Everything I have seen since Arafat’s sad death has only confirmed my opinion of the Israelis as relentless murderers immune from justice. Pinochet is being held to trial for the genocide committed during his rule; let Sharon be investigated for the same, for overseeing his share of the 3000+ Palestinians massacred in his attempt to establish rule over a land which is not his own.
I may not have bought the Edward Said books I want to read, but I’ve seen and read enough to confirm that every Israeli who has contributed to the death of a Palestinian should be subjected to a War Crimes court, that even though Israel has managed to amass so much land to date – 80 % of that which was formerly known as Palestine for two thousand years – and no matter how much impunity the Israeli nation has managed to accummulate over the years through international guilt, I can only wait for the day when Sharon is held in court to answer for the genocide and assassination charges he has authorised over the last few years.
Last night, I watched the press recording of Bush and Blair, in which they stressed that they would have supreme control over the upcoming Palestinian elections to ensure that democracy would be upheld.
How, under any warped logic, can a Christian Western nation presume to control the elections of a Muslim, hotly-debated state?
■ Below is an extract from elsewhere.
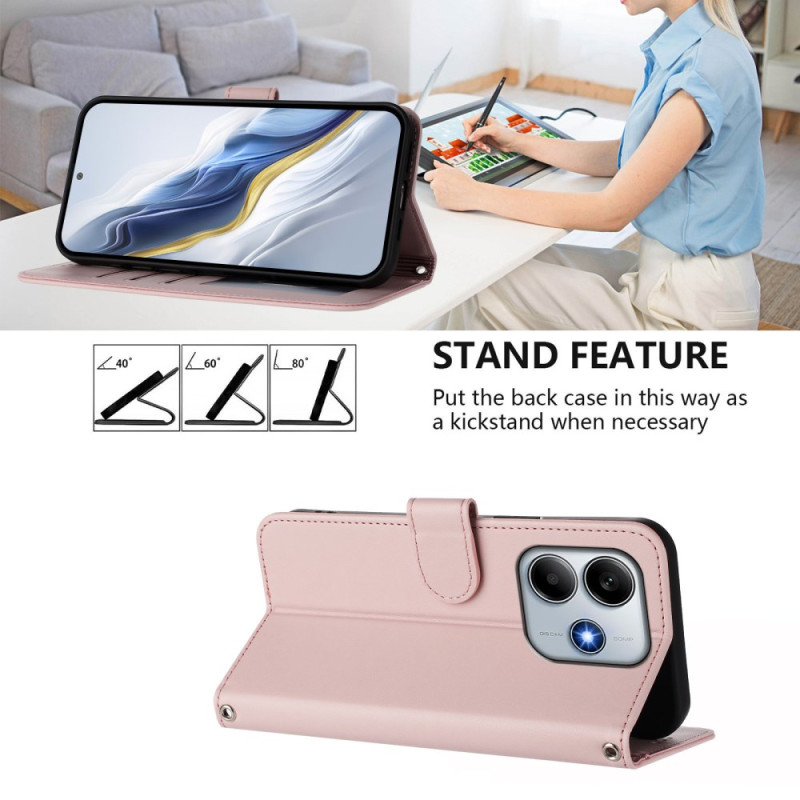 Scoprite la nostra cover a portafoglio in pelle per lo Xiaomi Redmi Note 14 5G. Realizzata in pelle PU e TPU di alta qualità, offre una protezione resistente e versatile. Con i suoi 3 slot per carte, lo scomparto per le banconote e la funzione stand, questa cover combina praticità e sicurezza per il tuo telefono.

Bush only seems to know three concepts: Democrac, Arabs-are-Evil and Space-Exploration-Is-Good-If-Pricey. It’s not up to Bush or Blair to determine the outcome of the Palestinian elections; after all, Bush’s government has done all it can to distance itself from the Palestinian situation, to the point of ignoring it outright, and he has frequently urged for Arafat to be overthrown so that a puppet can be installed who will be more amenable, no doubt, to American influence.
I can’t stop missing my Lewisham colleagues, If Arafat had died while I was still working with them, then probably a whole day would have been set aside to discuss his legacy and its implications on the future. I cried out as soon as I read the news online on Thursday, but spent the rest of the day reading all of the news stories I could find online, from Western to Latin and Israeli, just to find something which resembled the truth.
I’m too busy grieving to accept the fact that Arafat is truly dead, that he is no longer a player on the international diplomatic circuit; that in all his years of effort, he was never able to secure an established homeland for his people. Yet, despite all his faults, had he not tried, had he not given all he had in those 40-odd years, his compatriots would have simply become forgotten people inhabiting refugee camps in neighbouring states.
Like the Mastercard ad, hope is priceless. And what he gave his people, despite all that I don’t yet know about him and his people, is hope. And now it’s gone. I’m a translator, counsellor and database programmer. And if any Palestinian charity needs me, I’m there. I cannot and will not support the claims of a nation which displaces a nation in the name of a millennia-old right without regard for the land’s inhabitants, and which proceeds to annihilate those with a superior claim than to their own to the land which they are occupying.
But as I’ve been accused in the past, I don’t have a Western perspective. Tomorrow is Remembrance Sunday, but what of the Central Amercan fatalties in US-sponsored civil wars? What of the Native Americans wiped out in the settlers’ desire to establish themselves in their new homeland? What of the 3000+ Palestinians killed in their desire to return to the only home they’ve known? Israel may have the full backing of the US administration, but not of me: I call them the same names they have called Yasir Arafat over the years: murderer, assasin, terrorist, perpretator of genocide.